Exercise instructions >> Go through the following data and transcribe exactly the stretch of lines from the one holding "图1(a)镍掺杂四氧化三钴系" to the one holding "墨己玉泥粉彩蘭品茗杯工夫茶器陶磁器家庭用お茶単杯トランペット手描きカップ", both included.

Material provided >>

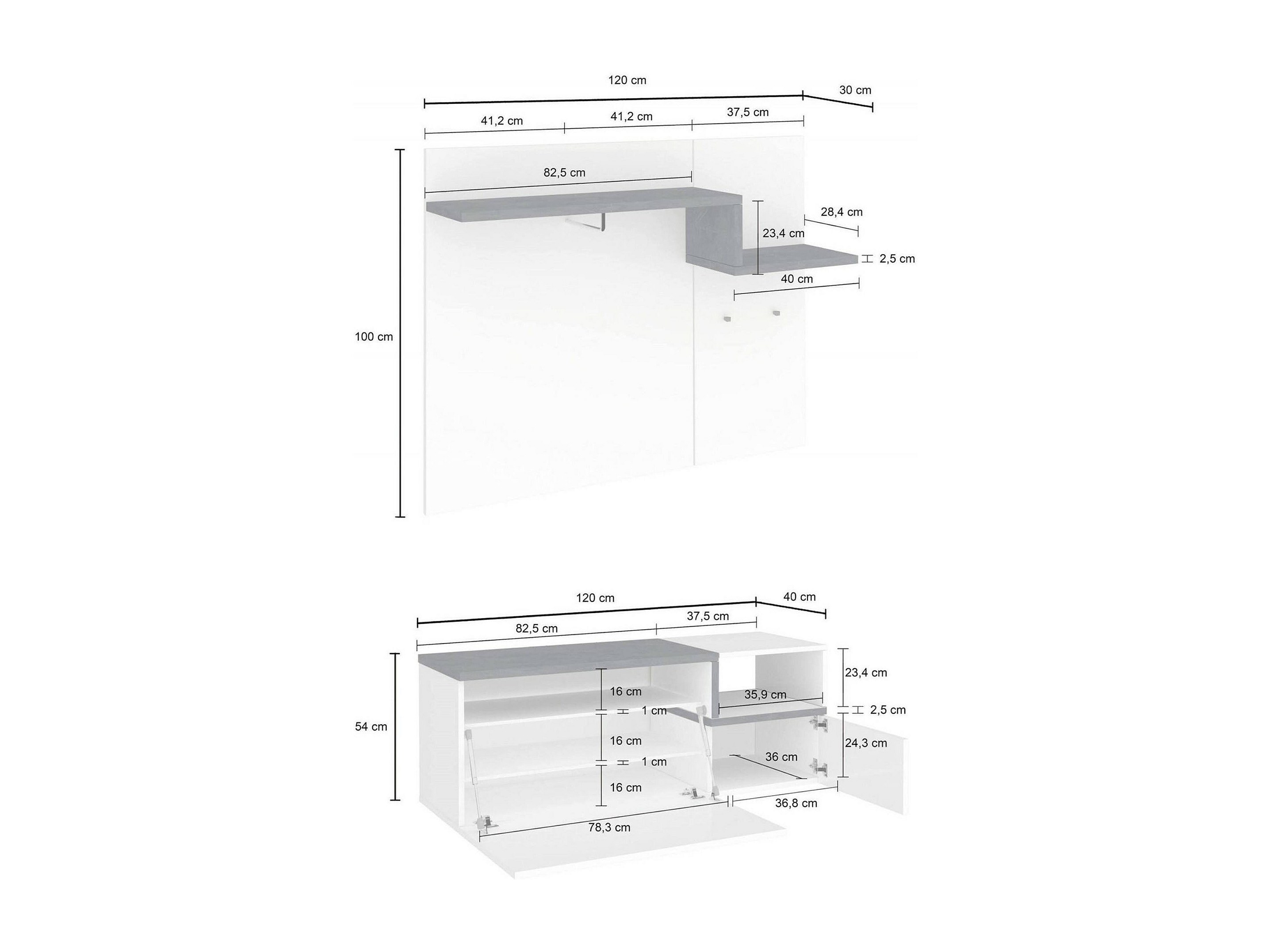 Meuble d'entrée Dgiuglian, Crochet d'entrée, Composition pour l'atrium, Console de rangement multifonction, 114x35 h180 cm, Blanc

...

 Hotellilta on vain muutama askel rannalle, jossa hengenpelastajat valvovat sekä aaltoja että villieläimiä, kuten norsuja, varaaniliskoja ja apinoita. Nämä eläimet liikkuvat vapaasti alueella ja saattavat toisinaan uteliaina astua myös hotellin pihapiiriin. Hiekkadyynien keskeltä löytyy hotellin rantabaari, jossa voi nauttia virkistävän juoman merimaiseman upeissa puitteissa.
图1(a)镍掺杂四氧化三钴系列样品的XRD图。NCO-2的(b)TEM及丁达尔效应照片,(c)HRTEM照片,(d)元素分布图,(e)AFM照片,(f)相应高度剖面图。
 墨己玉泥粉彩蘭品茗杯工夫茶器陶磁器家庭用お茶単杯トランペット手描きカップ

Your response >>
图1(a)镍掺杂四氧化三钴系列样品的XRD图。NCO-2的(b)TEM及丁达尔效应照片,(c)HRTEM照片,(d)元素分布图,(e)AFM照片,(f)相应高度剖面图。
 墨己玉泥粉彩蘭品茗杯工夫茶器陶磁器家庭用お茶単杯トランペット手描きカップ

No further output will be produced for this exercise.